▽

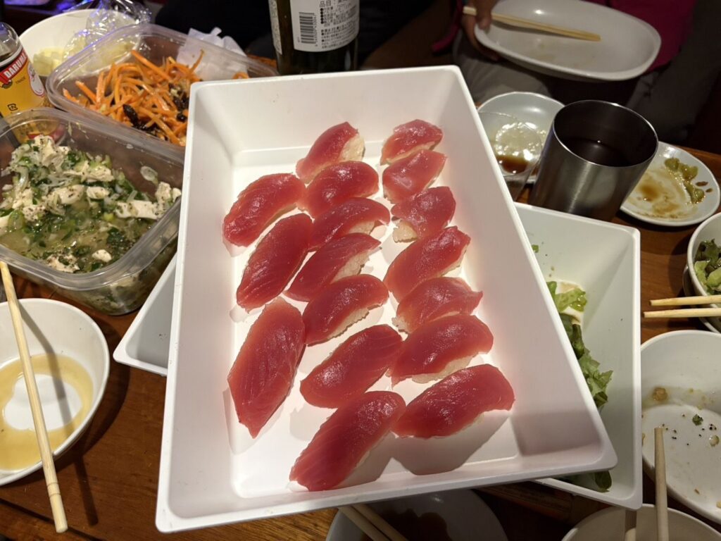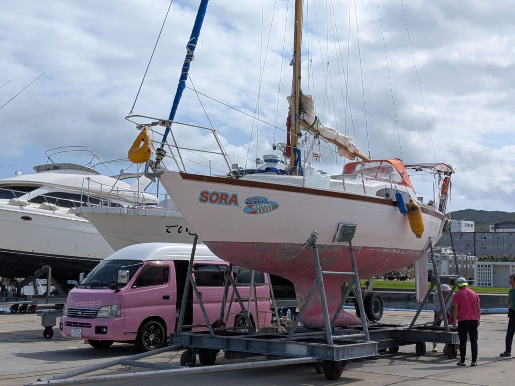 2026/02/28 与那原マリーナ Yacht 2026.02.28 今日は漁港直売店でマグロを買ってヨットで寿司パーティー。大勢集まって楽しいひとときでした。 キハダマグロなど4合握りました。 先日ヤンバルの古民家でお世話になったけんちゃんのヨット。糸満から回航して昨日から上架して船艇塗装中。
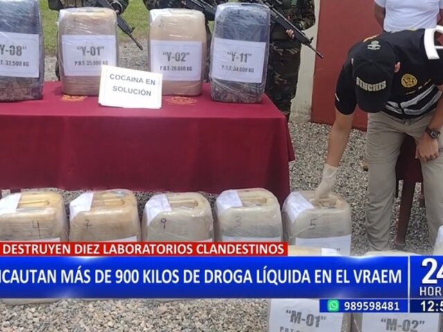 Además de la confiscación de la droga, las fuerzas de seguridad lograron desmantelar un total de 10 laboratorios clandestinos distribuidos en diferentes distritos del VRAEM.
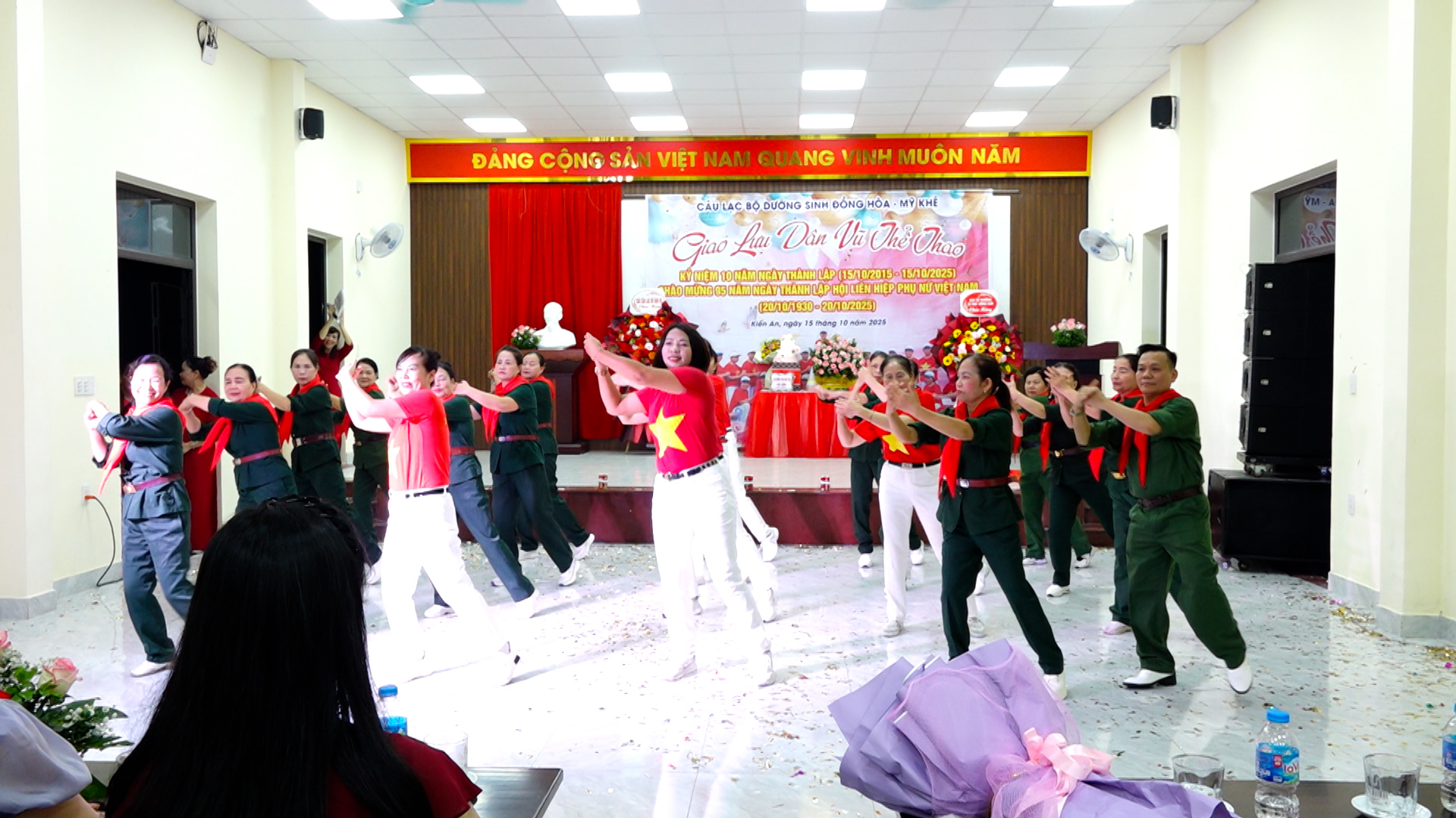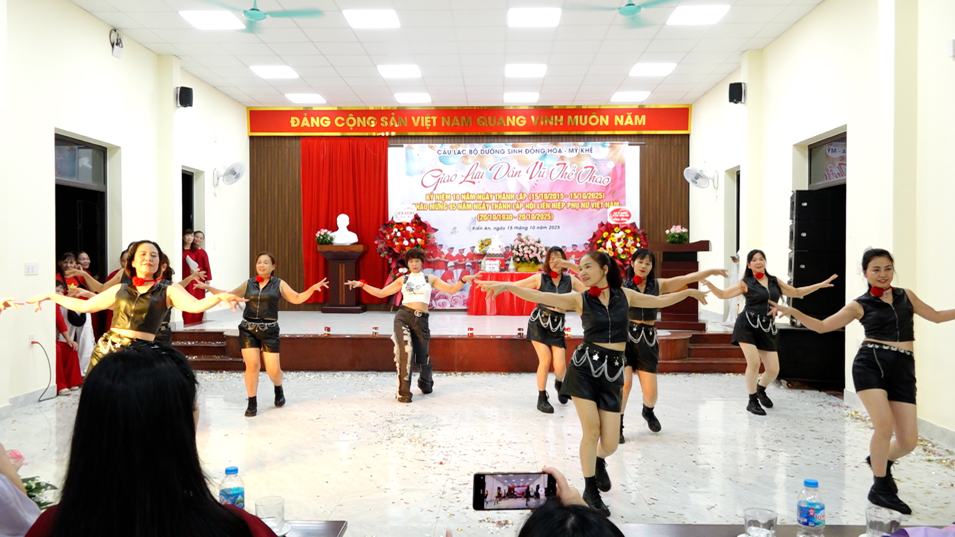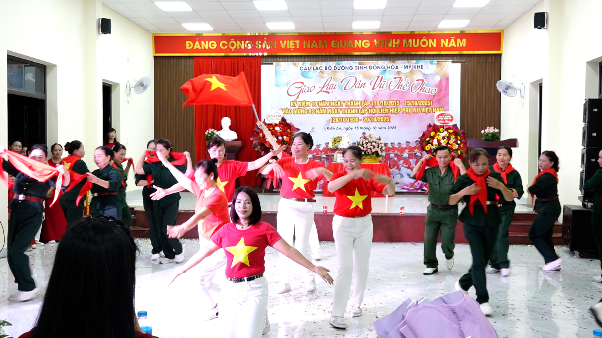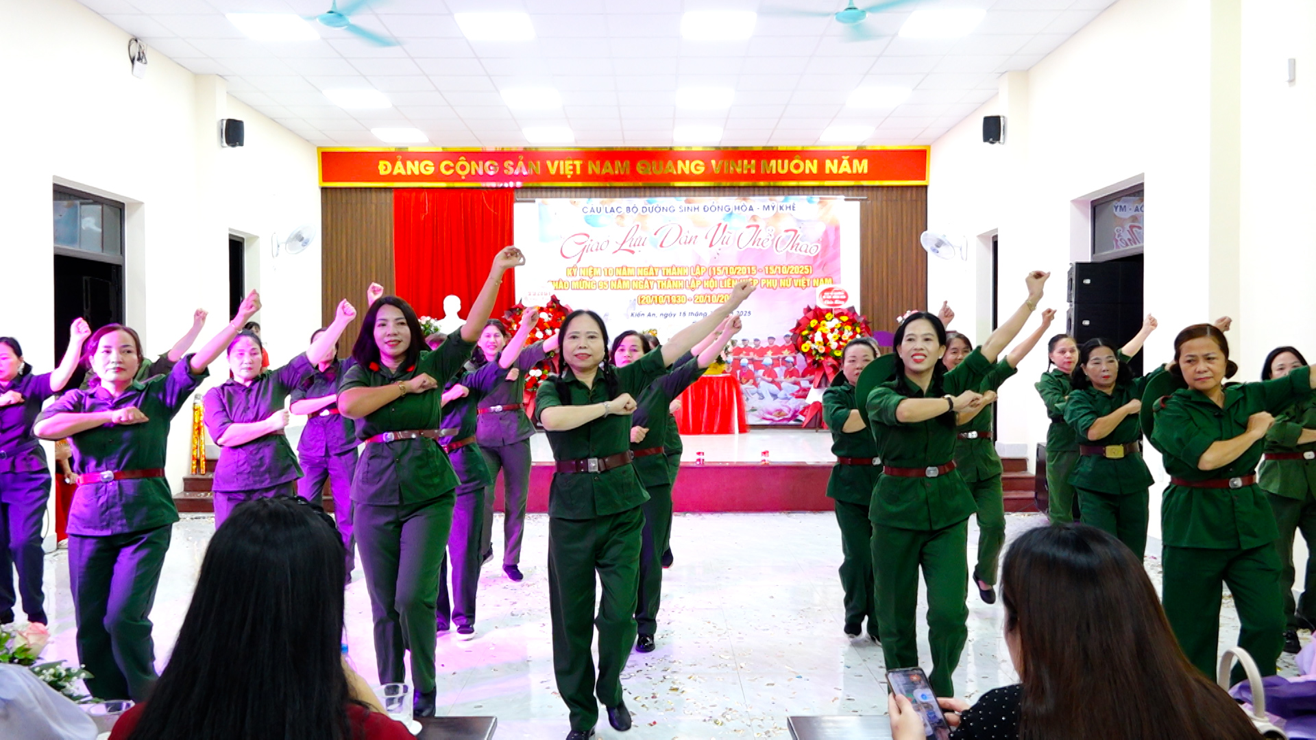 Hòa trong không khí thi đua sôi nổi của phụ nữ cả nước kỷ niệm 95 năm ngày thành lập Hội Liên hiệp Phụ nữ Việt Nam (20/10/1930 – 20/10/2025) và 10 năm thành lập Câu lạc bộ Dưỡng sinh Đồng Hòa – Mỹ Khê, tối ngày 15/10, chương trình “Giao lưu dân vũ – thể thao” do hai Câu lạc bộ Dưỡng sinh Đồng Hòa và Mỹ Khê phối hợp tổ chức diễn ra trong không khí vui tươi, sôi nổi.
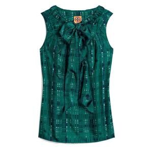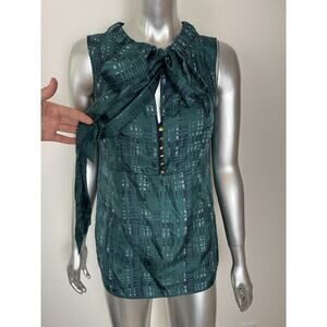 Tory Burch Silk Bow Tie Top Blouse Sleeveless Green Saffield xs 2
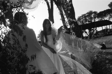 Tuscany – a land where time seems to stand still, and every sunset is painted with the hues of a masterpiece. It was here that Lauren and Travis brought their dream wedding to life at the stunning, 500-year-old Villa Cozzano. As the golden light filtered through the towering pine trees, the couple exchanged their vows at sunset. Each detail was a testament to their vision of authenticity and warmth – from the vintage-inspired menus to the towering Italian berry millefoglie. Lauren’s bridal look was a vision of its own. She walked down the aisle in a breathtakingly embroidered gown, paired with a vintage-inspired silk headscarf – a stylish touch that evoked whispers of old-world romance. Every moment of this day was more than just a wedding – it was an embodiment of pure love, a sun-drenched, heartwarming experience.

△

What is being asked.
Omit the pictures and set down the records exactly.

Task solution.
 2026/02/28 与那原マリーナ Yacht 2026.02.28 今日は漁港直売店でマグロを買ってヨットで寿司パーティー。大勢集まって楽しいひとときでした。 キハダマグロなど4合握りました。 先日ヤンバルの古民家でお世話になったけんちゃんのヨット。糸満から回航して昨日から上架して船艇塗装中。
 Además de la confiscación de la droga, las fuerzas de seguridad lograron desmantelar un total de 10 laboratorios clandestinos distribuidos en diferentes distritos del VRAEM.
 Hòa trong không khí thi đua sôi nổi của phụ nữ cả nước kỷ niệm 95 năm ngày thành lập Hội Liên hiệp Phụ nữ Việt Nam (20/10/1930 – 20/10/2025) và 10 năm thành lập Câu lạc bộ Dưỡng sinh Đồng Hòa – Mỹ Khê, tối ngày 15/10, chương trình “Giao lưu dân vũ – thể thao” do hai Câu lạc bộ Dưỡng sinh Đồng Hòa và Mỹ Khê phối hợp tổ chức diễn ra trong không khí vui tươi, sôi nổi.
 Tory Burch Silk Bow Tie Top Blouse Sleeveless Green Saffield xs 2
 Tuscany – a land where time seems to stand still, and every sunset is painted with the hues of a masterpiece. It was here that Lauren and Travis brought their dream wedding to life at the stunning, 500-year-old Villa Cozzano. As the golden light filtered through the towering pine trees, the couple exchanged their vows at sunset. Each detail was a testament to their vision of authenticity and warmth – from the vintage-inspired menus to the towering Italian berry millefoglie. Lauren’s bridal look was a vision of its own. She walked down the aisle in a breathtakingly embroidered gown, paired with a vintage-inspired silk headscarf – a stylish touch that evoked whispers of old-world romance. Every moment of this day was more than just a wedding – it was an embodiment of pure love, a sun-drenched, heartwarming experience.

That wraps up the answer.